Industry

Renewables Now Account For 30% Of Global Electricity Output

Global solar and wind energy now account for 30 percent of overall worldwide electricity generation, according to a report by global energy think tank Ember.

Since 2000, renewables have expanded from 19 percent to more than 30 percent of global electricity, driven by an increase in solar and wind from 0.2 percent in 2000 to a record 13.4 percent in 2023.

“As a result, the CO2 intensity of global power generation reached a new record low in 2023, 12 percent lower than its peak in 2007,” an Ember press release informed.

The report informed that the rapid growth in solar and wind has brought the world to a crucial turning point where fossil generation starts to decline at a global level.

The Global Electricity Review provides the first comprehensive overview of the global power system in 2023 based on country-level data.

The review covers 80 countries representing 92 percent of global electricity demand, as well as historic data from 215 countries.

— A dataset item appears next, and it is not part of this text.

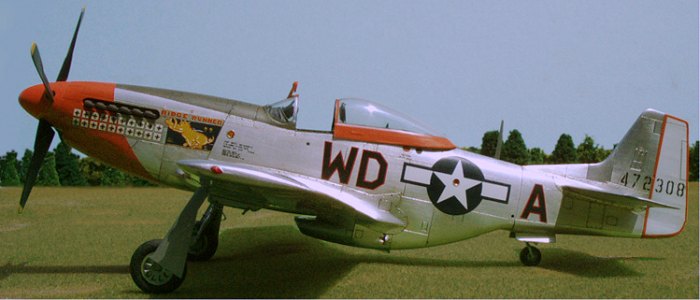 This Tamiya 1/48 P-51D completes my foil “Victory Triptych” of the Big Three USAAF fighters.
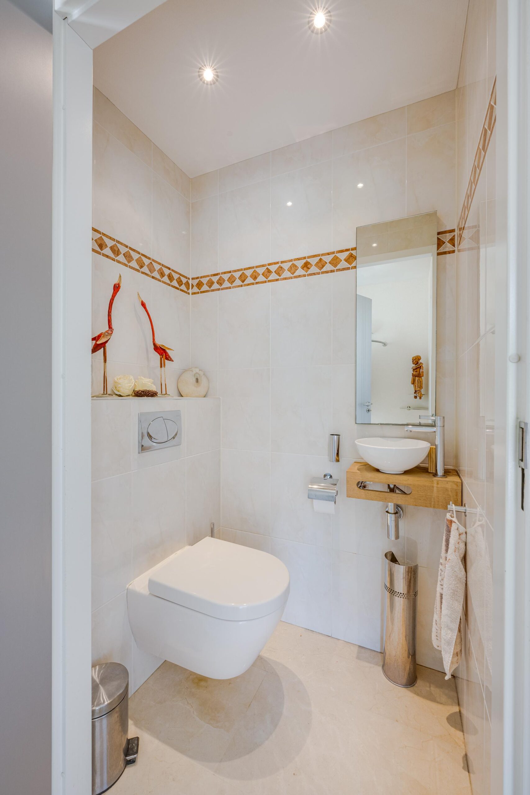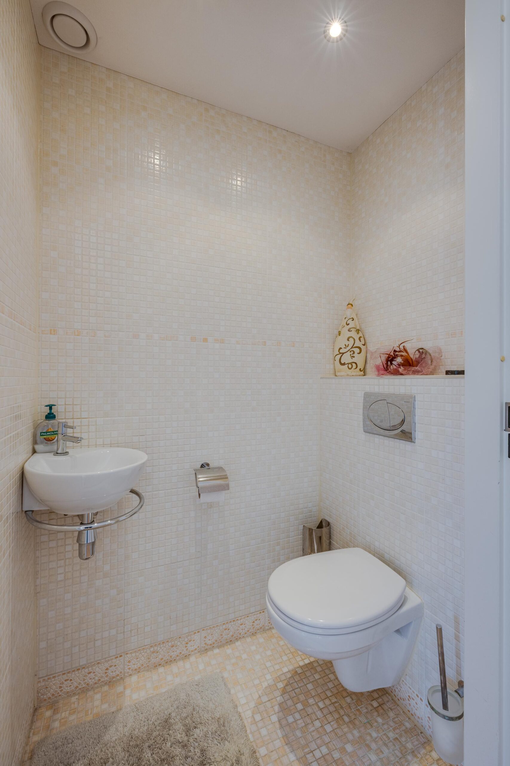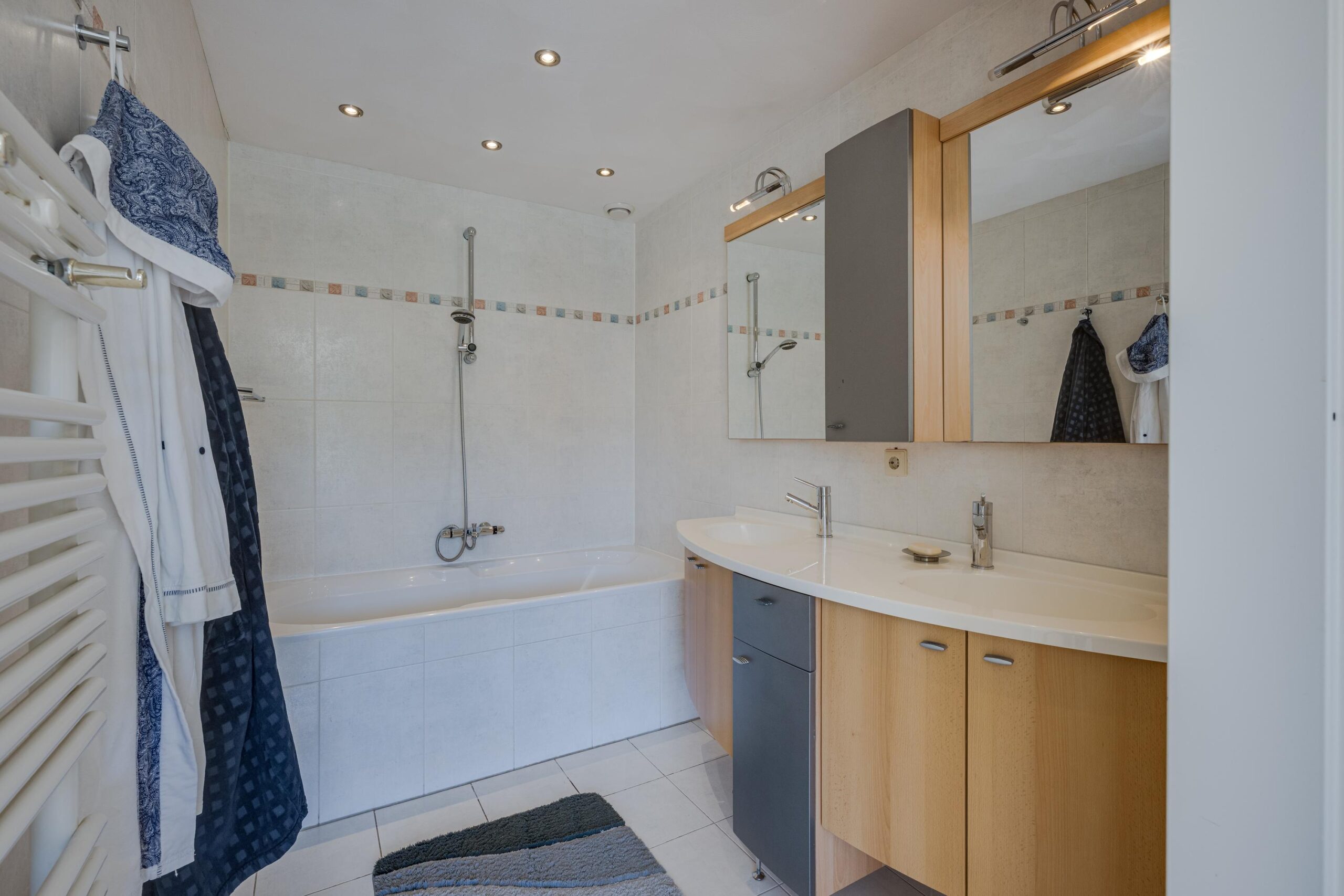 Eerste verdieping: Overloop met berging, apart toilet, kast met cv opstelling, warmtewisselaar/mechanische ventilatie en een badkamer met douche en wastafelmeubel. Riante slaapkamer aan de voorzijde met en suite (dubbele wastafel en ligbad). Aan de achterzijde bevinden zich drie slaapkamers.

“The renewables future has arrived,” said Dave Jones, Ember’s director of global insights. “Solar in particular is accelerating faster than anyone thought possible.”

Solar was the main supplier of electricity growth, adding more than twice as much new electricity generation as coal in 2023.

Solar maintained its status as the fastest-growing electricity source for the nineteenth consecutive year, and surpassed wind to become the largest source of new electricity for the second year running.

Renewable generation growth could have been even higher in 2023, but hydropower generation reached a five-year low amid droughts in China and other parts of the world.

Under normal conditions, the clean capacity added during 2023 would have been enough to enable a 1.1 percent fall in fossil generation.

However, the shortfall in hydropower was met by an increase in coal generation, which led to a 1 percent increase in global power sector emissions.

95 percent of the coal generation growth in 2023 occurred in four countries that were severely affected by droughts like China, India, Vietnam and Mexico.

The report shows that clean electricity growth gives confidence that a new era of falling power sector emissions is about to begin, with a projected 2 percent drop in global fossil generation in 2024.

Already clean electricity has helped to slow the growth in fossil fuels by almost two-thirds in the last ten years. As a result, half the world’s economies are at least five years past a peak in fossil power.

“The decline of power sector emissions is now inevitable. 2023 was likely the pivot point. But the pace of emissions falls depends on how fast the renewables revolution continues,” Jones added.

At the UN’s COP28 climate change conference in December, world leaders reached a historic agreement to triple global renewables capacity by 2030.

The target would see the world reach 60 percent renewable electricity by 2030, which would almost halve power sector emissions and put the world on a pathway aligned with the 1.5® climate goal.